Ship's Passenger List Recording Sarah, Mary and Esther Dolphin's Arrival in Canada.
The girls travelled to Canada together, but by 1901 they were separated;  probably they were separated shortly after their arrival.  The 1901 census finds Esther living as a domestic servant with the family of Robert and Mary Duclos and their six children, also in Westmount. Mary does not appear on the census at all.  In 1901, Sarah, although she is only 14 years old, is not attending school.  The 1901 census says that she can read, write, and can speak English and French, but at what level we don't know. By the 1911 census Sarah has left the Rutherford household and Esther has left the Duclos household.  Where did they go?

Sarah Dolphin and her sisters drop off the Montreal records after 1901.  They were three of approximately 118,000 children sent to Canada under the Child Immigration Scheme which began in 1863 and, astonishingly,  did not completely end until 1939.  Under this program British children from poor families  were brought in to Canada to serve as unpaid domestic and farm labour.   They were required to remain with the families they were placed with until they turned eighteen, while these families had no obligation to educate them or even treat them well.
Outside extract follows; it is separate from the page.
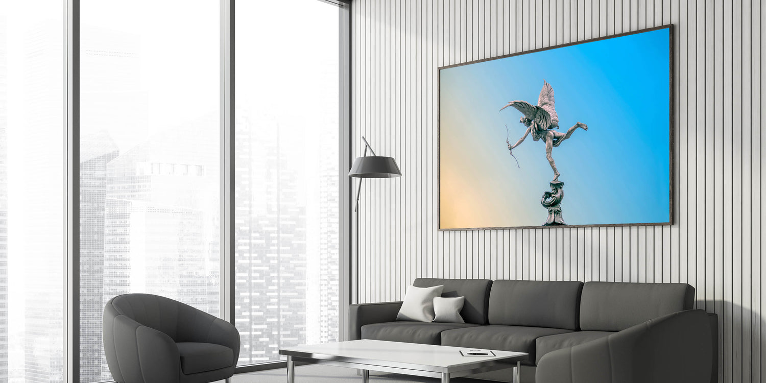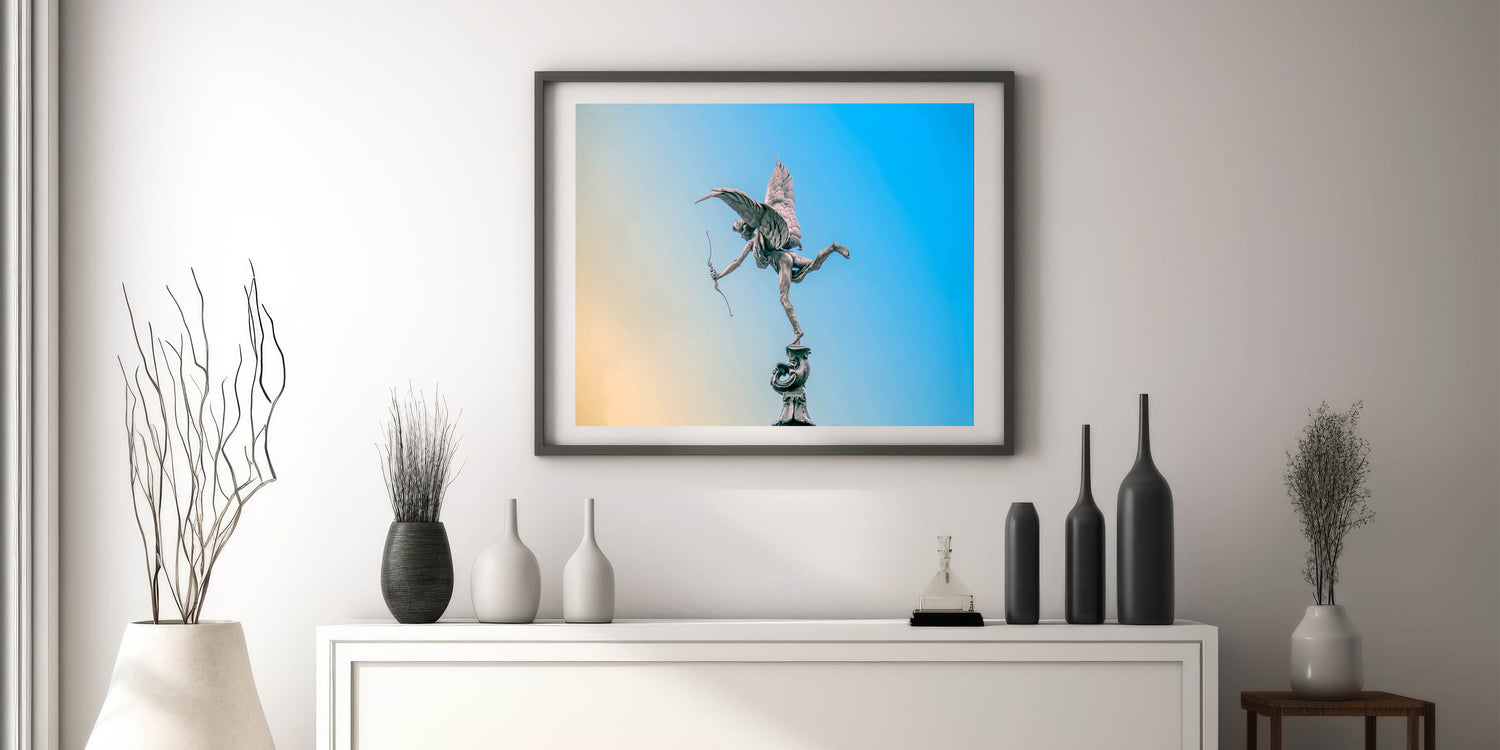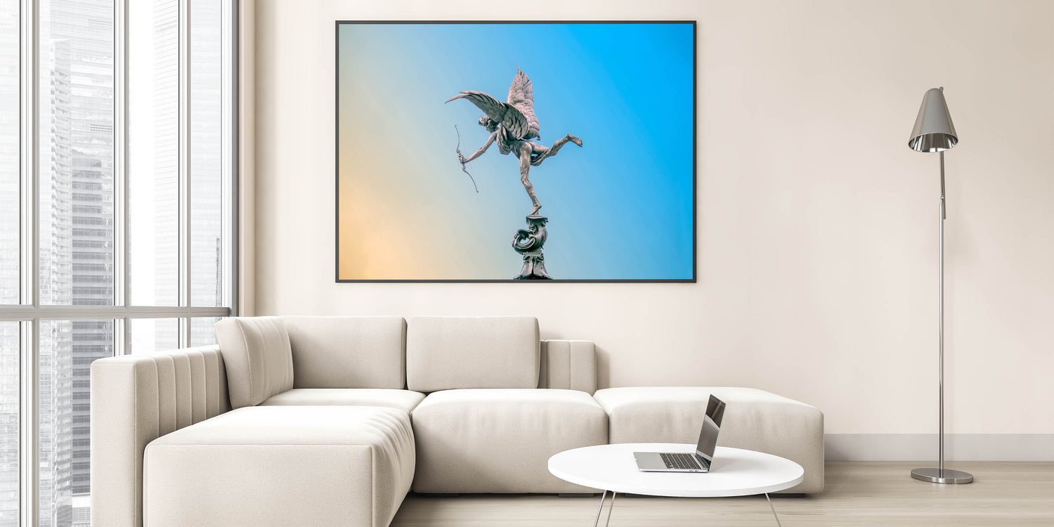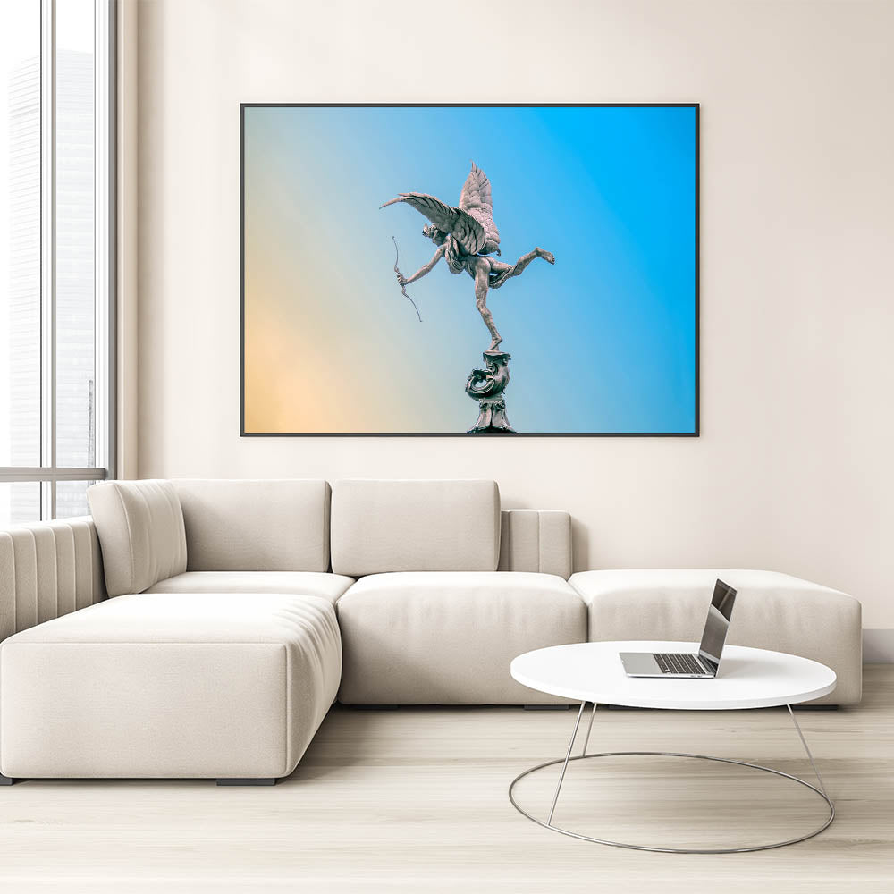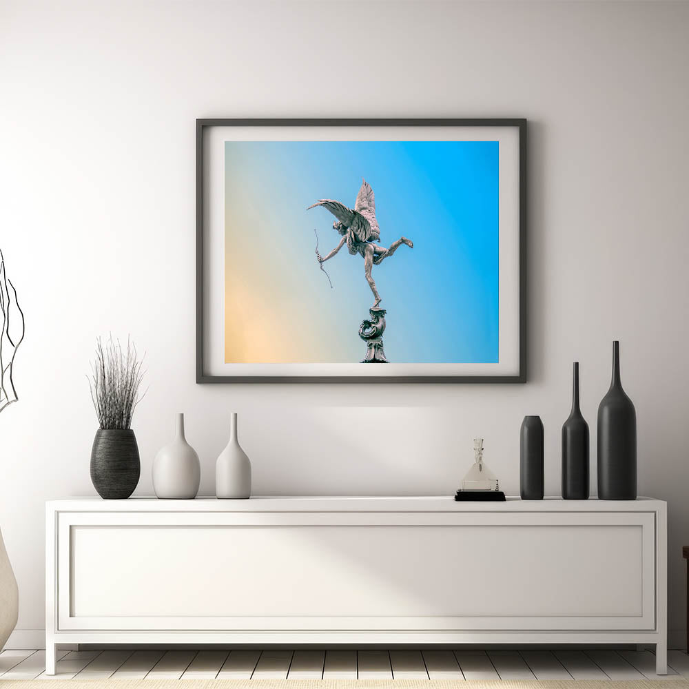 Piccadilly Wall Art - Eros Statue with Blue and Yellow Sky Background

Historians now believe that very few of these children were true orphans, rather, their families had been either temporarily or permanently  incapacitated by poverty in a society which had no government supported social safety net as we know it today.   According to the British Home Children Advocacy and Research Association and many other sources, often British families without other resources would place their children in the care of charitable aid societies for what they hoped was a short period.  Once the children were shipped to Canada without the parent's knowledge or consent, they would be impossible for the family left behind to locate.  No effort was made to minimize the trauma of being uprooted from family by at least keeping siblings together, as evidenced by the case of the four Dolphin siblings.  It makes me truly sick to think that Sarah was the age my youngest child is right now when she crossed the ocean and entered the Rutherford household in service, all alone.  I hope they were kind to her. I wonder where she ended up.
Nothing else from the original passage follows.